Catching Flies…

My grandmother, Sarah Agnes, was a feisty character.

During the war, (that’s WWII) she bought up houses in London when they were going cheap because of the bombings.

She was a plain cook who, when preparing vegetables as a scullery maid in the kitchen of a fancy hotel, cut all the tops off the asparagus…

Asparagus

and threw them away!

Her husband’s books were packed up and put in the cellar because they messed up the look of a room.  She later burned the lot to accommodate a coal delivery.

With a savvy business head on her shoulders she ran a successful boarding house in a comfortable Victorian

Forthbridge

near Clapham Common and provided her guests with,

“Bed, breakfast… and evening meal…”

She chided my great Aunt around the corner for giving her lodgers a hot drink with biscuits and cheese before going to bed,

“They talk to each other,” she said, “and will start expecting me to add a light supper…”

She loved a drink down the pub, usually Guinness or a nip of good whisky,

Pub

She joined in the sing-a-long and as the evening progressed the dancing began and ‘knees up mother Brown’ could be heard up and down the street.

If there was a party you could rest assured Sarah was in the thick of it.

Once she was bound over to keep the peace for speaking her mind to a neighbor in her not so soft Geordie voice,

“I’d do it again,” she said, “that woman deserved a good scolding!”

Her heart was solid gold, during the war, ration books in hand the queue for meat long, she turned to the woman behind her and said,

“Cheer up love, it may never happen…” to which the woman replied, “It already has…” she and her couple of mites were homeless, their house had been bombed the night before,

“Come home with me,” Sarah said, “I’ve got an empty room.”

My mother had to sleep in the bathroom on the wooden board covering the tub.

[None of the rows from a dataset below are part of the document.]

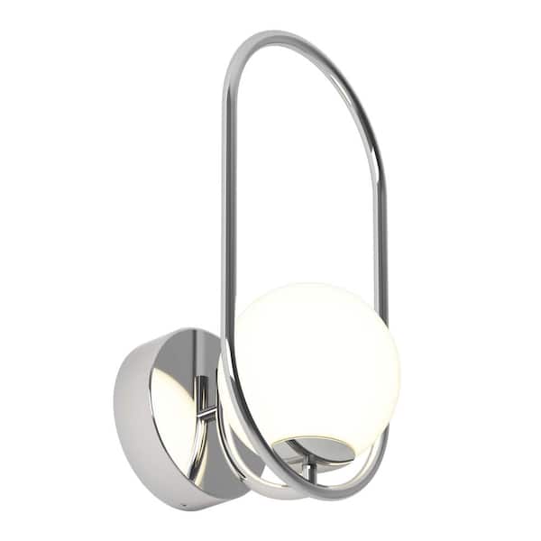 Bloom Sconce 7.28 in. 1-Light Chrome LED Wall Light with Frosted Glass Diffuser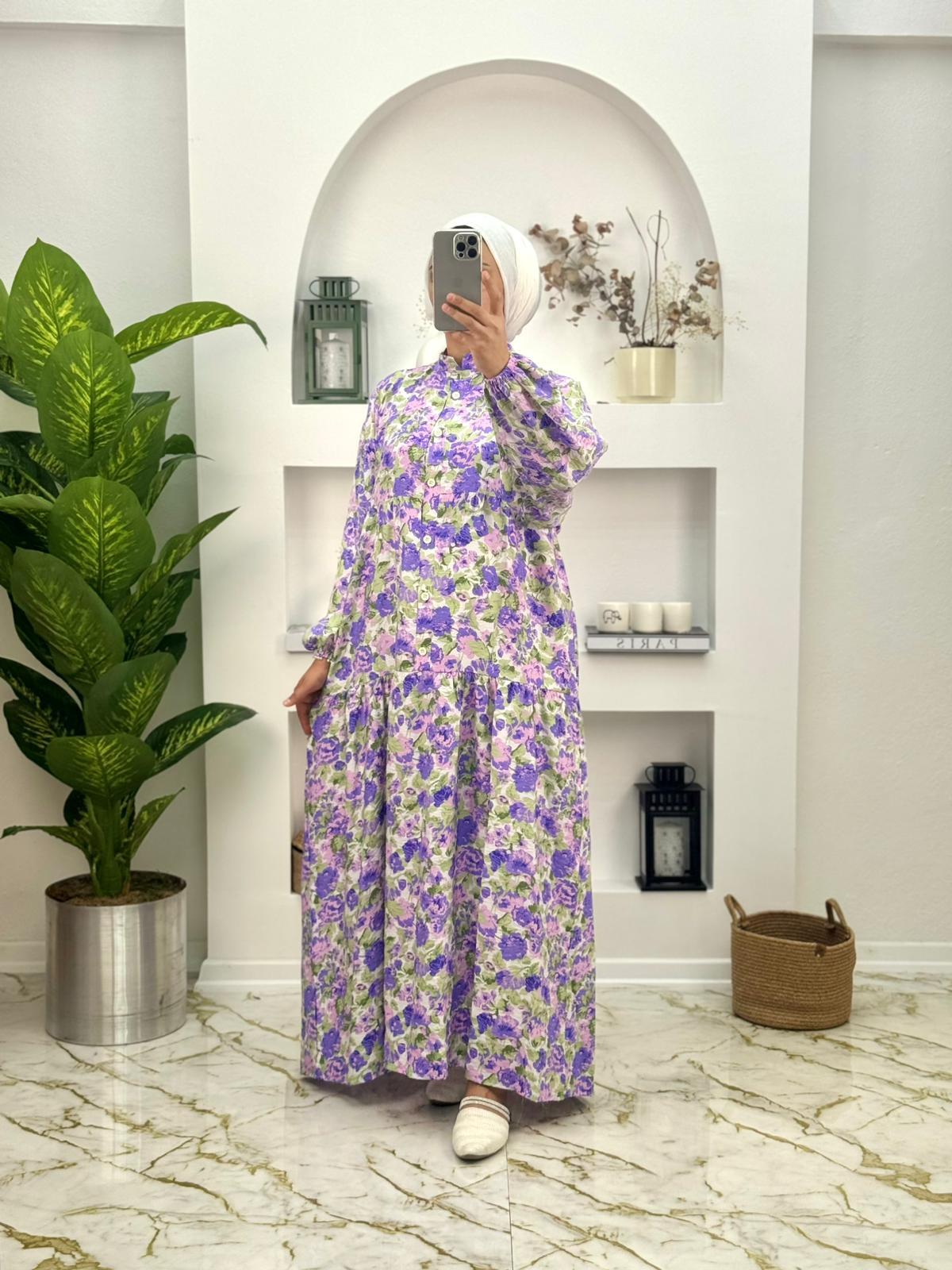 1645 Yeni Sezon Çiçekli Mango Elbise Renk Mor (C001-1645)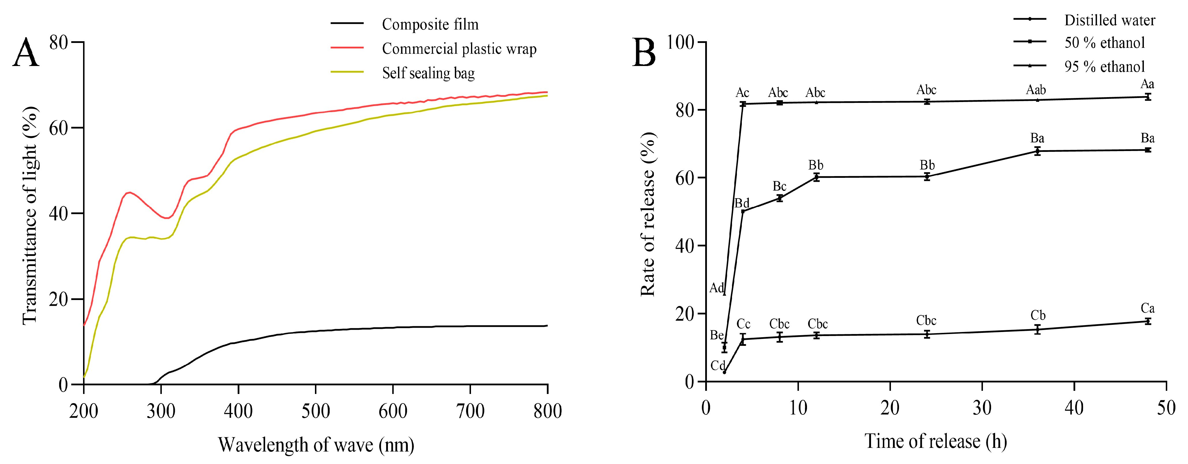 2.5.2. Determination of Barrier Properties of the GA-g-CS Composite Film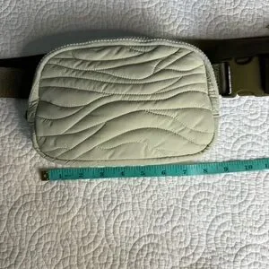 Quilted belt bag with adjustable strap. Secure zipper closure. Sleek and functional design.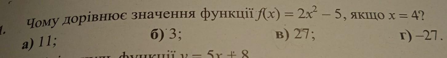 1. Початковий рівень Чому дорівнює значення функції f(x) = 2x² - 5, якщо x = 4? - 6) 3; a) 11: B) 27; г) -27. 5x+8

Sarah Agnes had quick-as-a-flash reflexes,

She could catch flies!

Daughts claimed to have caught a fly during ballet class…

MaliaBallet

You couldn’t do better than take after Great Grandmother Sarah,

Daughts already holds her name!

I wonder what else will rise to the surface of the gene pool?

Are you as amazed as me at the traits you and yours have from relatives we’ve never met?